写真を撮ること

1月 20th, 2012
先日、盛岡のミニコミ誌「てくり」のイベントで2日間限定のポートレート撮影会を行った。場所は、中ノ橋通りの「唐たけし寫場」。
この建物と、館主でありカメラマンであった唐たけしさんについては、次々号の「てくり」で詳しくお伝えするので割愛するが、カメラマンを務めた僕自身はもちろんこと、カメラの前に立ってくれた方々にとっても、とても有意義な時間になったように思う。

この写真館の歴史は、昭和10年からだそうだが、特徴はモダンなスタジオ一杯に設けられた北側だろう。
現在のように人口光を生み出す機材の少ない時代のことである。自然光をいかに上手く取り入れるか。そのために設けたのが北側の窓だった。
一般的な感覚では採光窓は南か東となる。太陽に向けて、という方角である。
北側の窓は、当然、東や南より採光性に劣る。しかし、写真を撮るにはとても良い光となる。東や南の窓は直接太陽の光を拾うのに対し、北側の窓は、太陽ではなく空の光、太陽光が空一面で乱反射したその光を拾う。直接光ではないため、とても穏やかな光が一日に渡って安定して届けられるのだ。

この光の特徴がそのまま写真となる。
北側の窓からの光はハイライトからシャドウまで穏やかなグラデーションを作りながら被写体へと届けられる。
うっすらと青みを帯びた白い光のベールが被写体を包み込むといった感じだろうか。
より柔らかな光となる冬であることも手伝って、今回の撮影会では、とくにその美しさが増していたように感じた。
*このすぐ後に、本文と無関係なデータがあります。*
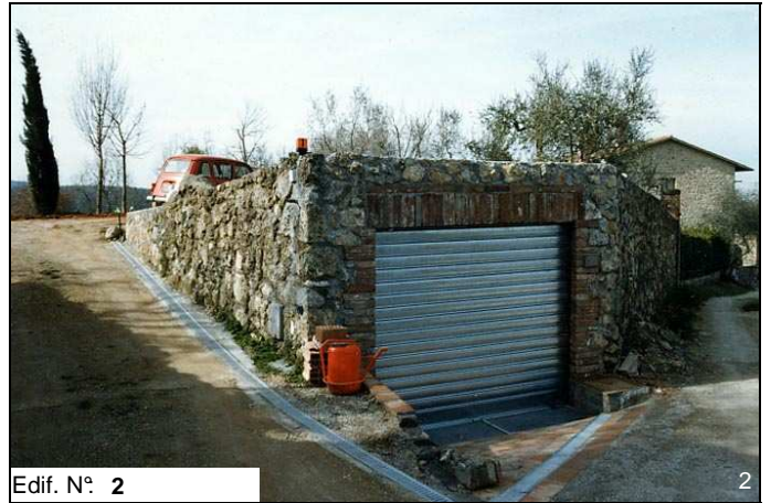
Edif. N° 2

今回、撮影をご希望された方は、一人の方もあれば家族で、あるいは愛犬と一緒だったりとさまざまだった。
なので、写真を撮られたいと思った理由それぞれだろうが、今の自分や家族の姿を写真として残しておきたいという思いは共通していたように感じた。照れ、はにかみながらも、カメラの前に立ち、それぞれが持つ「今」という時間を表現してくれた。

2日間に渡って、こうした撮影を続けながら、ふと感じたのは、写真は本当に記録のためにあるのだろうか、という問いだった。
いうまでもなく写真の一番の特徴は記録性である。
写真がそのまま真実と足り得るかと言われたら、それは真実ではないと答えるしかない。写真は決して「見たままの現実」ではない。
しかし、写真は、絵画をはじめとするほかの表現手法に比べ、最も記録性に富んでいることは間違いない。
カメラを操作する者は常に主観に支配されているが、レンズとフィルムは主観を越えた、より客観に近づいたものを写し出す可能性を秘めている。つまり、写そうと予定した以外のものが写るということだ。
写真が持つ記録性の豊かさとは、こうした撮影者の思惑が越えたところから生み出されることも少なくない。

しかし、写真を撮るという行為自体は、本当に記録といえるのだろうか。
記録とはつまり、後世に「今」という時間の姿を伝えるものを残す行為である。
撮られた写真は残り、後世の人が見て、写真のなかにいる人や背景からその時代がどのようなものであったのかを知る。間違いなく記録である。
しかし、立ち止まって考えると、たとえば肖像写真の場合、撮る人、撮られる人は、一体誰に対して残そうとするのだろうか。
子孫に対して残すというのが普通の考えだろうが、顔も知らぬ子孫に対して、先祖である自分の姿を残し伝えたいという欲求は一般的な者が持つ感覚なのだろか。そもそも、自らの姿のみを通じて何を伝えたいか。案外伝えたいもの、伝えられるものは少ないと思う。
顔をはじめ容姿はまぎれもなくその人個人のものだが、それは誰にも言えることであって、「個」であることに特別な意味はないだろう。
たとえば、多くの人が思い浮かべることができる肖像写真に坂本龍馬のそれがあるが、あの坂本龍馬の姿は、たまたまあんな感じであっただけで、もし全く違った容姿であっても、坂本龍馬ととしての存在が揺らぐわけではない。
つまり、先祖が子孫に伝えるという意味において、「個」の姿に特別な意味はない。
もし、先祖が自らの子孫に伝えるべきメッセージを持つとするならば、写真ではなく「言葉」で伝えた方がよほど効果的だろう。
「死んだ爺さんの遺言では…」云々は効果があるように思う。

では、家族写真といった類いの写真についてとなるが、写真を撮ることにどういう意味があるのだろうか。
僕は、「今」を知るため、共有するため、あるいは固定するためにあると思っている。
人は誰も「今」を生きることしかできない。しかし、「今」は瞬時も留まることなく過ぎていき、過去となる。
「今」がどのようなものか知りたいと願っても、その「今」は過去の記憶をたどるしかないのだ。
つまり、「今」とは最高のリアリティーを持つものだけど、これほどあやふやなものもない。
そんなとき、写真は「今」を写してくれる。
たった1回のシャッターで、時間も生きとし生ける者のすべても何もかもを「今」として凍結してくれる。
そして、たった一枚の写真によって、人は、かつての「今」と再会し、その瞬間では感じ得ることができなかった多くの真実について学ぶ。
さらにもしそこに自分以外の人、たとえば家族などが写っていれば、かつての「今」は深みを持ちながら増幅していく。
もし、写真に力があるとすれば、そこにある「かつての今」を見ることで、新たな「今」を作っていこうとする気持ちが芽生えることだろうか。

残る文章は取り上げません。